To support the faculty group there is an HL7 UK wiki specifically for the group containing a wide mixture of information and materials to support university outreach work.

Faculty conference calls are focused around specific tranches of work and serve as a useful method to collaborate and comment on developments.

Presentation materials, tutor notes, workshop materials

There is a growing and wide ranging set of materials within the Outreach Programme which go well beyond the presentation slide decks originally envisaged.

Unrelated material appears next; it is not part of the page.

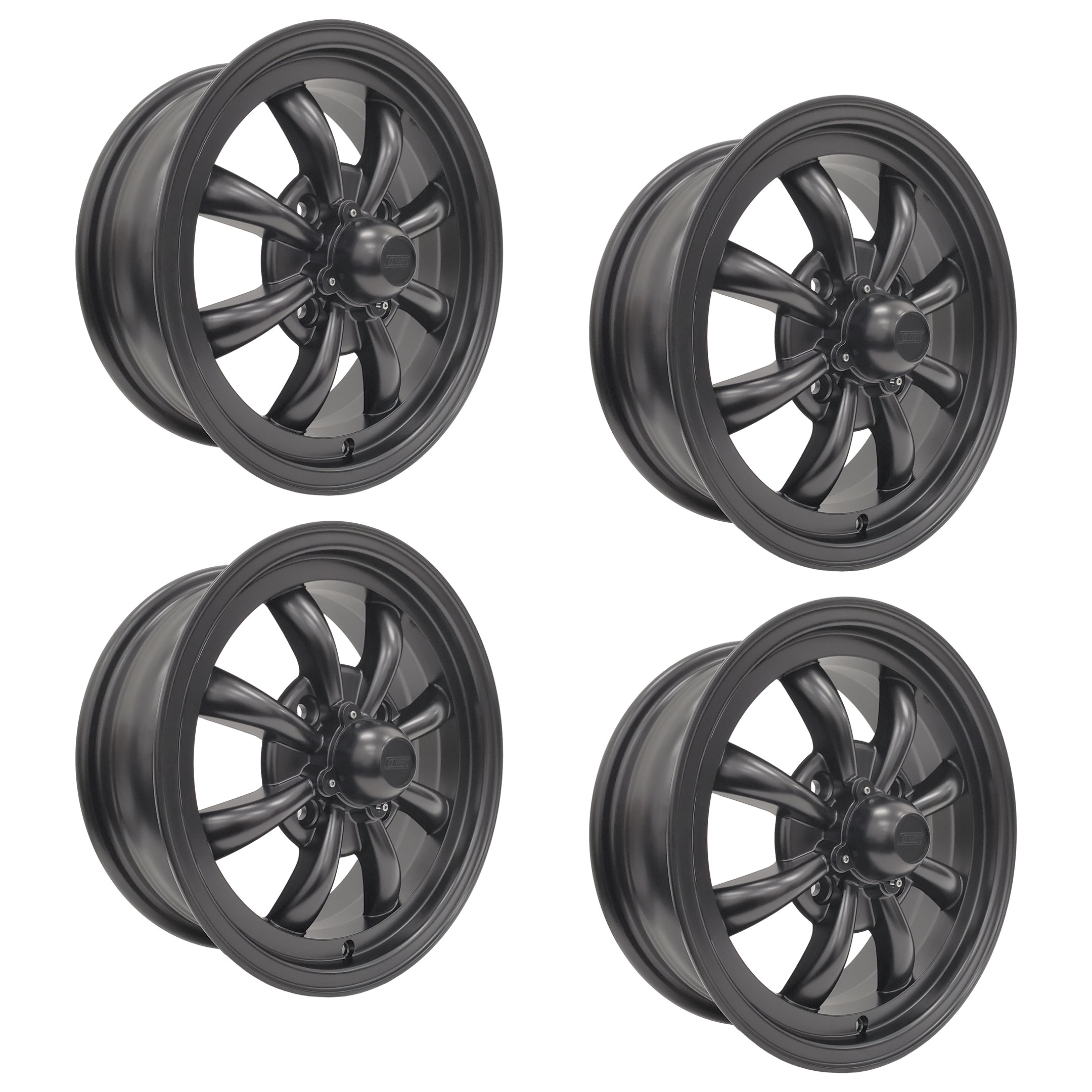 Our JBugs 8 spoke VW wheels feature a sleek, all black satin finish that offers a subtle, refined look without sacrificing performance or strength. Built to exact specifications and overseen for consistent quality, these aluminum wheels deliver dependable durability and a confident fit. Each wheel includes a JBugs-branded center cap and chrome-capped valve stem for a finished, ready-to-install solution. The 4x130 bolt pattern is designed to work with 60-degree conical seat hardware for secure mounting.

  • Workshop materials have evolved into being used as both as in-line items aimed to keep students on their toes, as well as more extensive workshop topics aimed at lasting an hour or more (one workshop session lasted 2 hours)
  • The range of materials to support the sessions is increasing, for example the course synopses have become an important aid to universities deciding appropriate modules to select, as well as building a record of the totality of materials available and manage any overlaps.
  • Planned student objectives for a module are now increasingly being integrated into the presentation materials.
  • The delivery of materials in advance of the course has become an important element for those universities where students are accustomed to a detailed study of materials prior to the session itself
  • Tutor notes have become an important element in the package potentially allowing a wider set of presenters able to take on a particular module
  • The MIM walkthrough web-based materials will provide a first set of materials available either for independent self-study or used integrated as part of a scheduled delivery module.

Integrating with university, course lecturer objectives

  • Flexibility in how the HL7 UK contribution integrates with what is happening on the ground has become an important aspect of outreach.
  • Each course has a different dynamic in terms of student's method of working.
  • Lengths of slots we are offered varies greatly and even changes as/where the university re-evaluates at the start of a term the length and nature of the course. The presentation decks are increasingly built with "stop" points which can be used to insert workshop materials, or where time is limited, to create a shorter presentation
  • For each student group the use of in-line workshop materials as against an extended workshop needs to be evaluated. In extreme cases the workshop component is timetabled into a different slot in a laboratory (St Georges)
  • The motivation for take-up of the sessions varies: in some cases, to fill a gap in the lecturers own knowledge, in others, to enhance delivery by having the experience and real examples available and always to have expertise on hand able to answer detailed questions
  • Some sessions have been delivered as Guest Lectures and are available to a range of students and are over and above the current course, while the majority have been integrated into a specific Masters or undergraduate programme and in some cases, were even within the formal student academic assessment structure.